### WORK ORDER
In the entries below, the lines from the one with "素晴らしいですね!チューリッ" through the one with "水星家纺蚕丝被100%桑蚕丝喜被婚庆结婚子母被二合一冬被芯床品" are to be copied exactly; both ends count.

### EXCERPTED RECORDS
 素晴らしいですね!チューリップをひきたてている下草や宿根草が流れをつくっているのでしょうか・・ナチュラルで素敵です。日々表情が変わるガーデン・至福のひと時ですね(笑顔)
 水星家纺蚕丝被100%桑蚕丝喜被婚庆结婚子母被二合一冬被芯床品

--

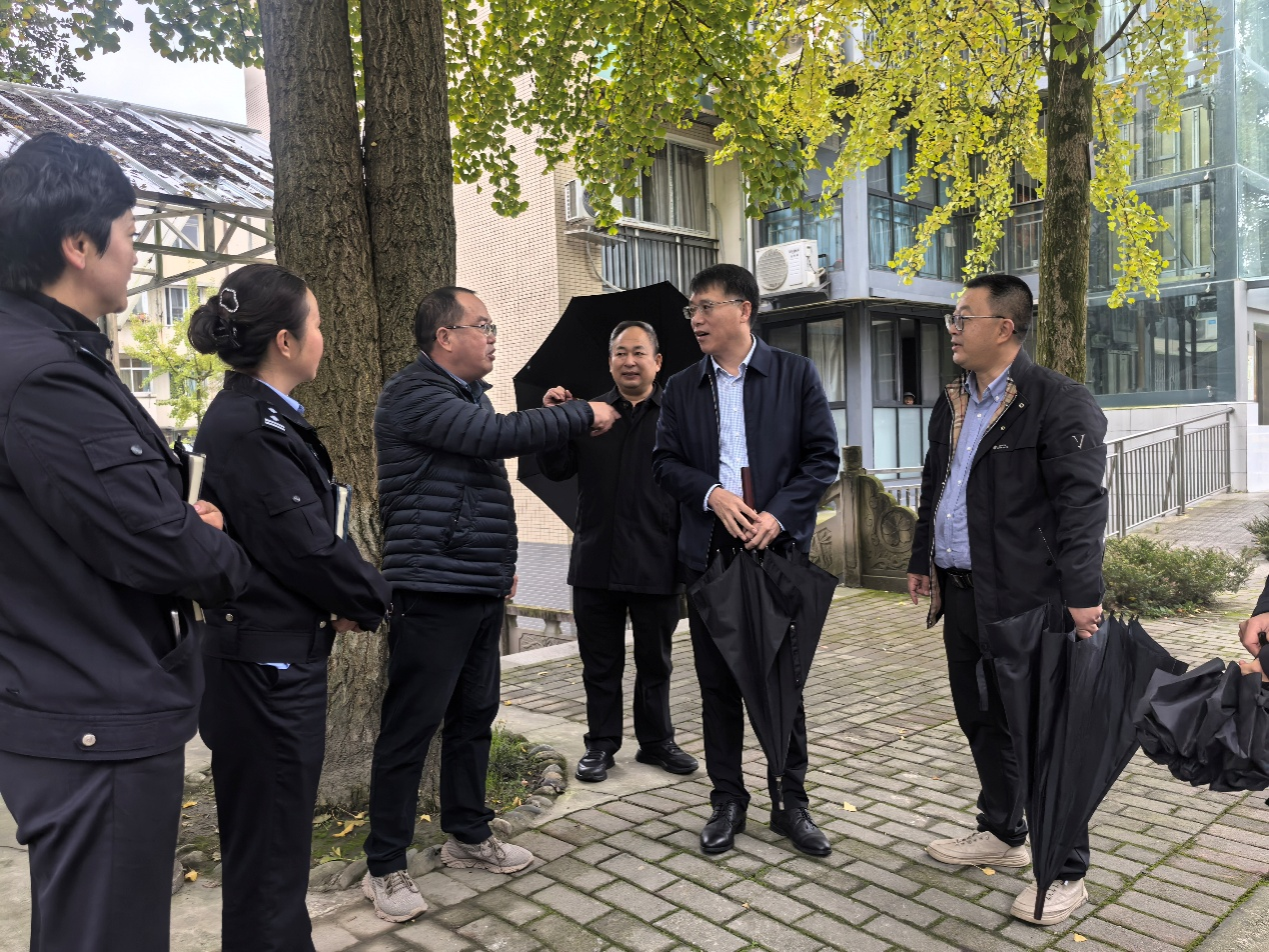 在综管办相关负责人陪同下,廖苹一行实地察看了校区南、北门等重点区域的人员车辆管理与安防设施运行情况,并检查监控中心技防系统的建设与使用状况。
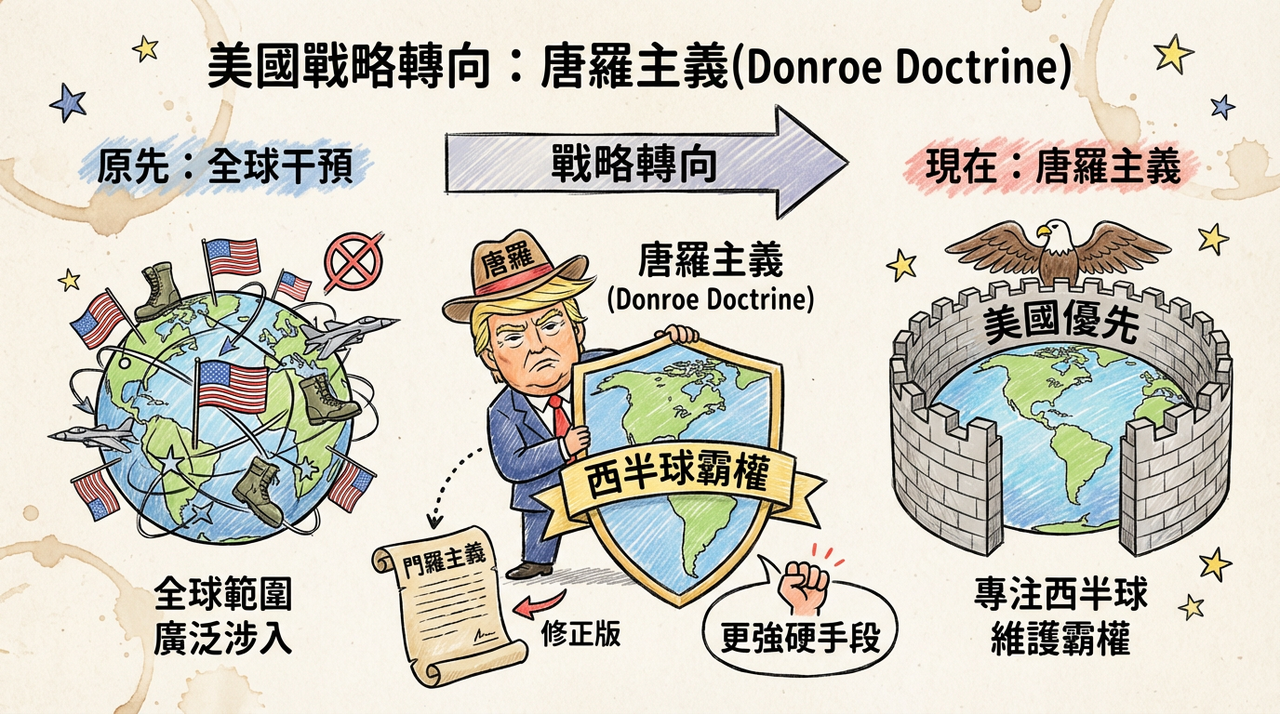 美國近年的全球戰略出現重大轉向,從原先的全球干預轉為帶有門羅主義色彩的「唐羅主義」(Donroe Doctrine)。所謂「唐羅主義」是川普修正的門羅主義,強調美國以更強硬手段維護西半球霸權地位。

...

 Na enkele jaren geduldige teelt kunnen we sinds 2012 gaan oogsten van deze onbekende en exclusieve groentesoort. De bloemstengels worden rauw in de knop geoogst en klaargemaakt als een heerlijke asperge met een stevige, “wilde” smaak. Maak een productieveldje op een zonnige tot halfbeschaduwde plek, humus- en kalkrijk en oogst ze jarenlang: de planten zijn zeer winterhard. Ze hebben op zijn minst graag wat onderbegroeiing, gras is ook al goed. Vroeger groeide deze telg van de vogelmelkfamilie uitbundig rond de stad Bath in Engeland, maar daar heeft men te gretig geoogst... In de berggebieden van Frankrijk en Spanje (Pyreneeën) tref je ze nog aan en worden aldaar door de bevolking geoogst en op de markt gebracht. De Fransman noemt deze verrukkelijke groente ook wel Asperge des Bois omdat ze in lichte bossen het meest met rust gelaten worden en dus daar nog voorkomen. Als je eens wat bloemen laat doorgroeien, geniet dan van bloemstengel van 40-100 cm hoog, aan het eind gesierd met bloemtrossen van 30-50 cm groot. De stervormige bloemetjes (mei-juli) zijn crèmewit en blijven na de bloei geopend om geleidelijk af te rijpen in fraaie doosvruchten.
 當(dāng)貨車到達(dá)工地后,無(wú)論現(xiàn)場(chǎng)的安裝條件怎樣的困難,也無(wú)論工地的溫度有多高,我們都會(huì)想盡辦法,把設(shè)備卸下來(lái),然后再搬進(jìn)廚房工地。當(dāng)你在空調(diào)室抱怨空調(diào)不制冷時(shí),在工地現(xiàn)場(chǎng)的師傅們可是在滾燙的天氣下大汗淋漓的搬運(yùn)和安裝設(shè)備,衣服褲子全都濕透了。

### EXERCISE ANSWER
 素晴らしいですね!チューリップをひきたてている下草や宿根草が流れをつくっているのでしょうか・・ナチュラルで素敵です。日々表情が変わるガーデン・至福のひと時ですね(笑顔)
 水星家纺蚕丝被100%桑蚕丝喜被婚庆结婚子母被二合一冬被芯床品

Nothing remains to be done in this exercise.